DATA PROVIDED ▸
☆ ☆ ☆

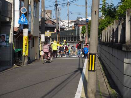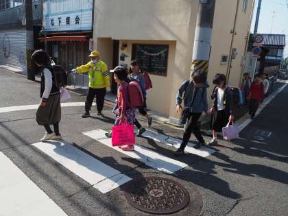 交差点では、地域の方々が「おはようございます」という声掛けと、安全確認、誘導をしてくださっています。
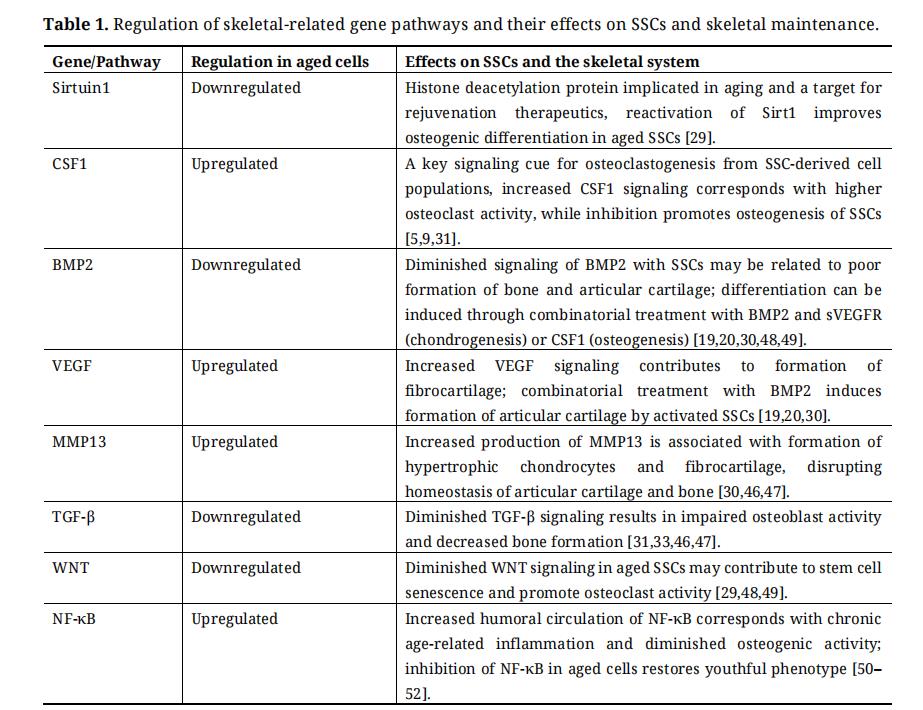 Table 1. Regulation of skeletal-related gene pathways and their effects on SSCs and skeletal maintenance.
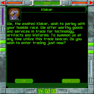 Your equipment might not be good, but it's generally enough to get you to the Klakar, who are generally waiting in a nearby yellow star system, and they are always eager to trade with you. They give you a Klakar Beacon, which you can use to summon them at any time (including during combat).
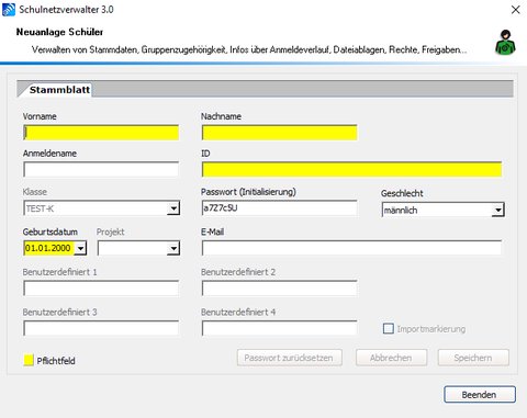 | Anmeldename | Der Anmeldename wird in der Regel vom Schulnetzverwalter automatisch nach den Vorgaben in den Systemeinstellungen gebildet. Füllen Sie dieses Feld mit einem bis zu 20 Zeichen langen Anmeldenamen, wenn Sie keine automatische Namensbildung wünschen |

☆ ☆ ☆

WHAT TO PRODUCE ▸ Write the data out again word for word; leave the pictures behind.

SOLUTION TO THIS TASK ▸
 交差点では、地域の方々が「おはようございます」という声掛けと、安全確認、誘導をしてくださっています。
 Table 1. Regulation of skeletal-related gene pathways and their effects on SSCs and skeletal maintenance.
 Your equipment might not be good, but it's generally enough to get you to the Klakar, who are generally waiting in a nearby yellow star system, and they are always eager to trade with you. They give you a Klakar Beacon, which you can use to summon them at any time (including during combat).
 | Anmeldename | Der Anmeldename wird in der Regel vom Schulnetzverwalter automatisch nach den Vorgaben in den Systemeinstellungen gebildet. Füllen Sie dieses Feld mit einem bis zu 20 Zeichen langen Anmeldenamen, wenn Sie keine automatische Namensbildung wünschen |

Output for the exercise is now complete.